| Work to be completed |
Omit all pictures and transcribe only the lines in the entries below that run from the line with "Для пошива зауженных" through the line with "Men's Graduation Blazer".

| Available data |
================================

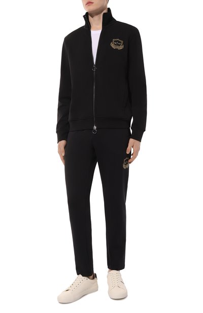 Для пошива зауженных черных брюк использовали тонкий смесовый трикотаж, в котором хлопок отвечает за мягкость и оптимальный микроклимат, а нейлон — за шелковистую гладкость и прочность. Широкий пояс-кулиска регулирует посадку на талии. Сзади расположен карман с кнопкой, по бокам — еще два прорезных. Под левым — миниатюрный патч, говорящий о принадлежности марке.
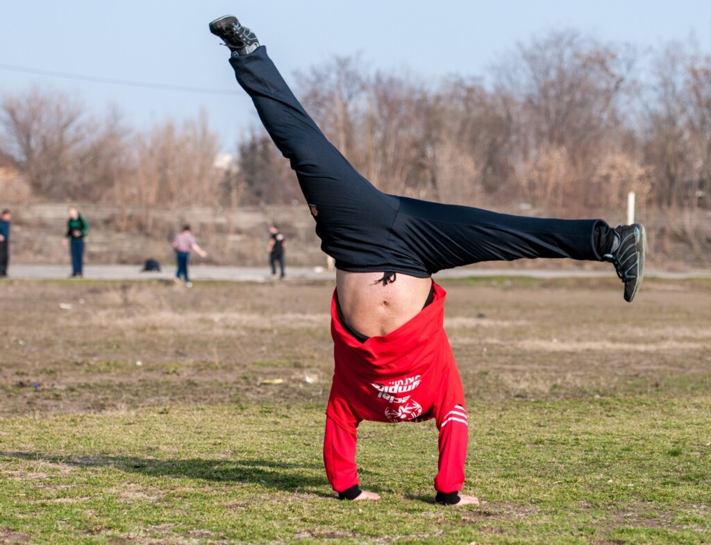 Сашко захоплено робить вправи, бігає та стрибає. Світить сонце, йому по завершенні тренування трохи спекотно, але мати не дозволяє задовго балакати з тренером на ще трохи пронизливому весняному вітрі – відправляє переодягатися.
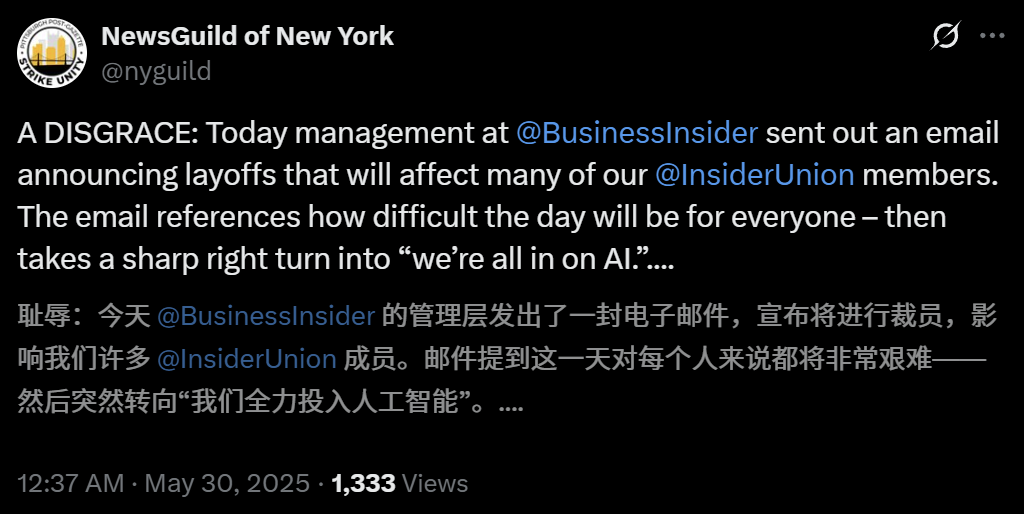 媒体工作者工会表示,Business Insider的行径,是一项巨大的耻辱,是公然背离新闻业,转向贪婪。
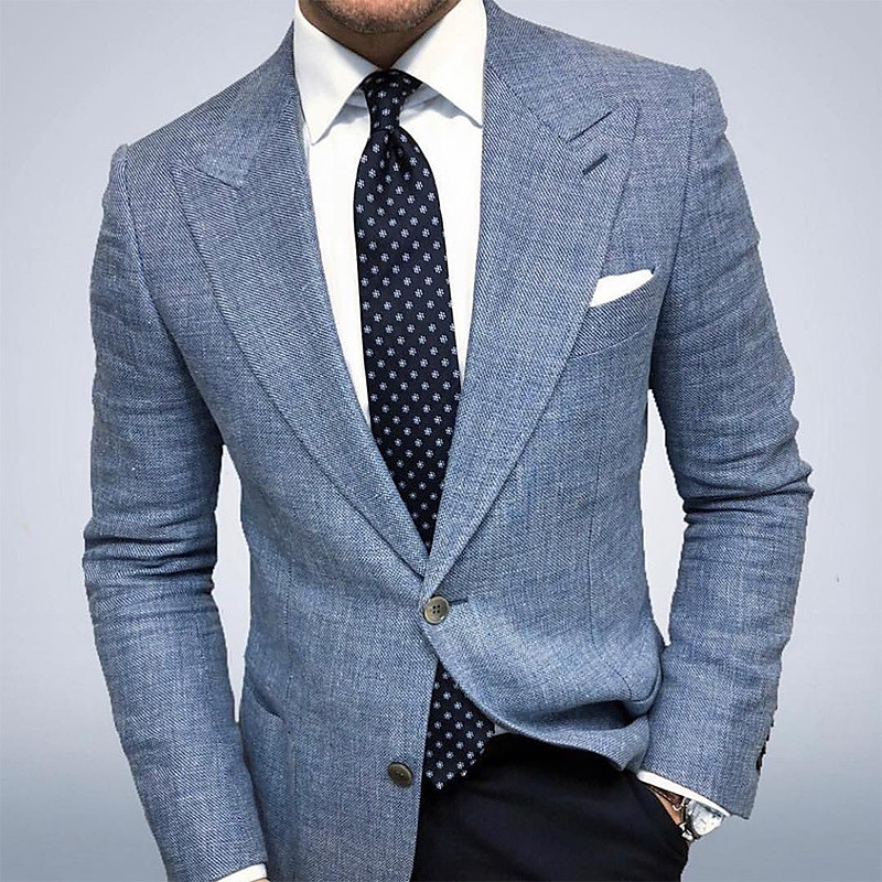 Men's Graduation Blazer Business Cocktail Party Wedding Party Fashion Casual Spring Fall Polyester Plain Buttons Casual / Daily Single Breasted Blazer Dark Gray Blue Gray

================================

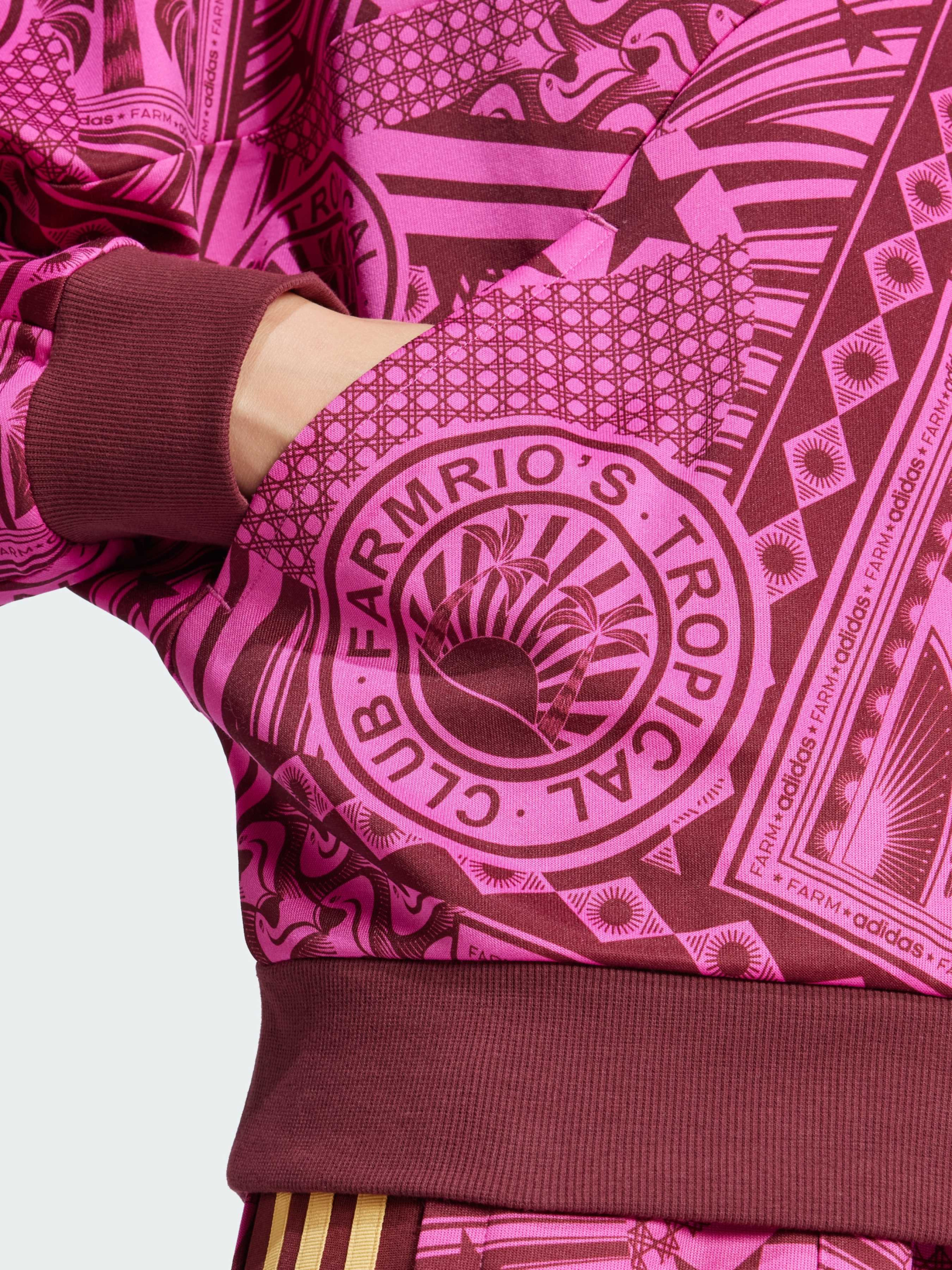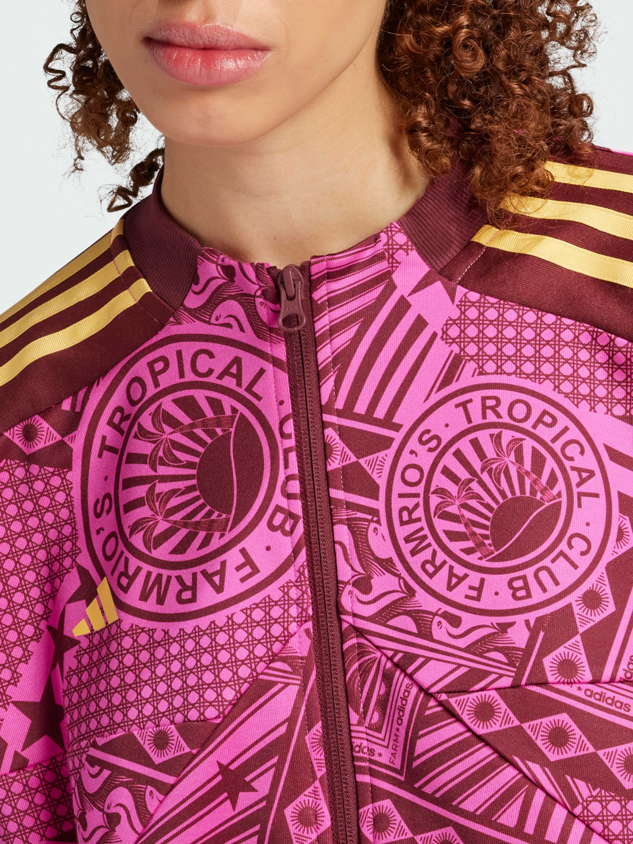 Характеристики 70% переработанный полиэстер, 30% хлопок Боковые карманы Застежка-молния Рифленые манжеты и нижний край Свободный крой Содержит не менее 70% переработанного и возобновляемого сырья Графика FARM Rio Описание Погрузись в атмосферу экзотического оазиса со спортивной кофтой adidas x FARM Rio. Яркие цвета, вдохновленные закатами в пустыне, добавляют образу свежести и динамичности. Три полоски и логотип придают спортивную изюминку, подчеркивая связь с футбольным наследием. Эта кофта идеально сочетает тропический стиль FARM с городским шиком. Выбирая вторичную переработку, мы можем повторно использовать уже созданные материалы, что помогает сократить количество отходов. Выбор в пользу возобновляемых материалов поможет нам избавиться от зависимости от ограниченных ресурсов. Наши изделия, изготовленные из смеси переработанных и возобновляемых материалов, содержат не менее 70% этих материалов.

================================

| Expected answer |
 Для пошива зауженных черных брюк использовали тонкий смесовый трикотаж, в котором хлопок отвечает за мягкость и оптимальный микроклимат, а нейлон — за шелковистую гладкость и прочность. Широкий пояс-кулиска регулирует посадку на талии. Сзади расположен карман с кнопкой, по бокам — еще два прорезных. Под левым — миниатюрный патч, говорящий о принадлежности марке.
 Сашко захоплено робить вправи, бігає та стрибає. Світить сонце, йому по завершенні тренування трохи спекотно, але мати не дозволяє задовго балакати з тренером на ще трохи пронизливому весняному вітрі – відправляє переодягатися.
 媒体工作者工会表示,Business Insider的行径,是一项巨大的耻辱,是公然背离新闻业,转向贪婪。
 Men's Graduation Blazer Business Cocktail Party Wedding Party Fashion Casual Spring Fall Polyester Plain Buttons Casual / Daily Single Breasted Blazer Dark Gray Blue Gray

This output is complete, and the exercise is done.